● Work instruction: Exactly as written, output the lines below starting from the first and ending with the line that contains "We will use"; omit pictures.

● Raw data:
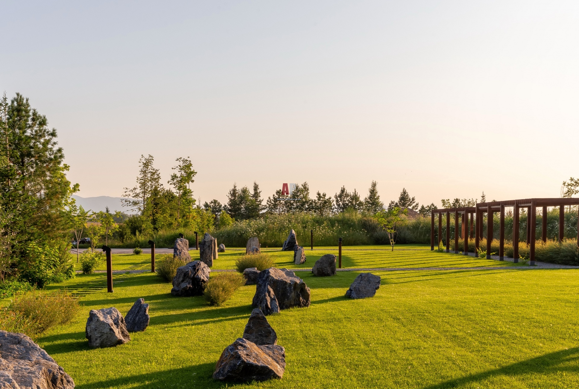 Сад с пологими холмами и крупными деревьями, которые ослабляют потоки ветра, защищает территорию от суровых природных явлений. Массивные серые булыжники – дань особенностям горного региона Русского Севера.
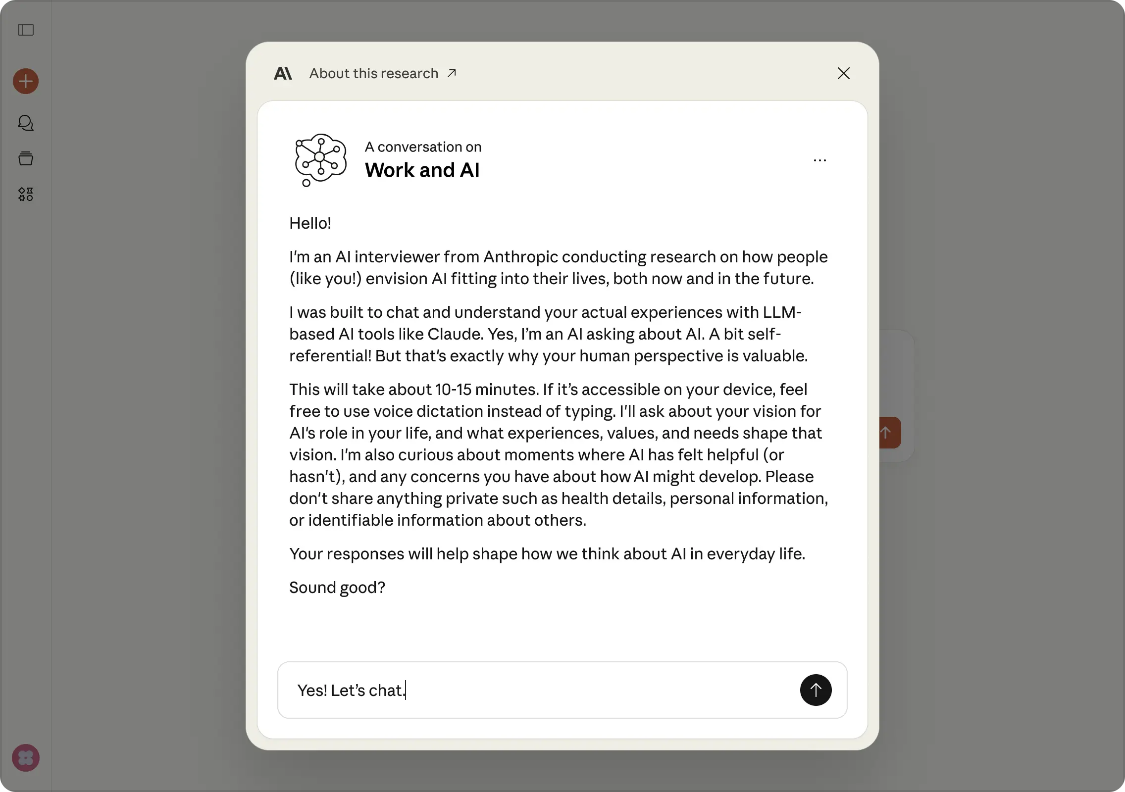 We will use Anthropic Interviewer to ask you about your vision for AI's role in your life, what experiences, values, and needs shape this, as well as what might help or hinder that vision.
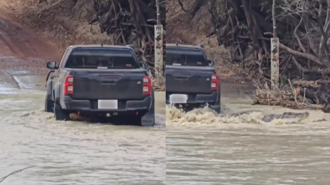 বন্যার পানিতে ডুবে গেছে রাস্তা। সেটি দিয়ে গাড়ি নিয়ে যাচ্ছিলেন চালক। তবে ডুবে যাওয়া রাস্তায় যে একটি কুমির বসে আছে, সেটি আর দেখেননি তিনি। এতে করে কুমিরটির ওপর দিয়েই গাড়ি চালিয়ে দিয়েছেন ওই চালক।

● Result below:
 Сад с пологими холмами и крупными деревьями, которые ослабляют потоки ветра, защищает территорию от суровых природных явлений. Массивные серые булыжники – дань особенностям горного региона Русского Севера.
 We will use Anthropic Interviewer to ask you about your vision for AI's role in your life, what experiences, values, and needs shape this, as well as what might help or hinder that vision.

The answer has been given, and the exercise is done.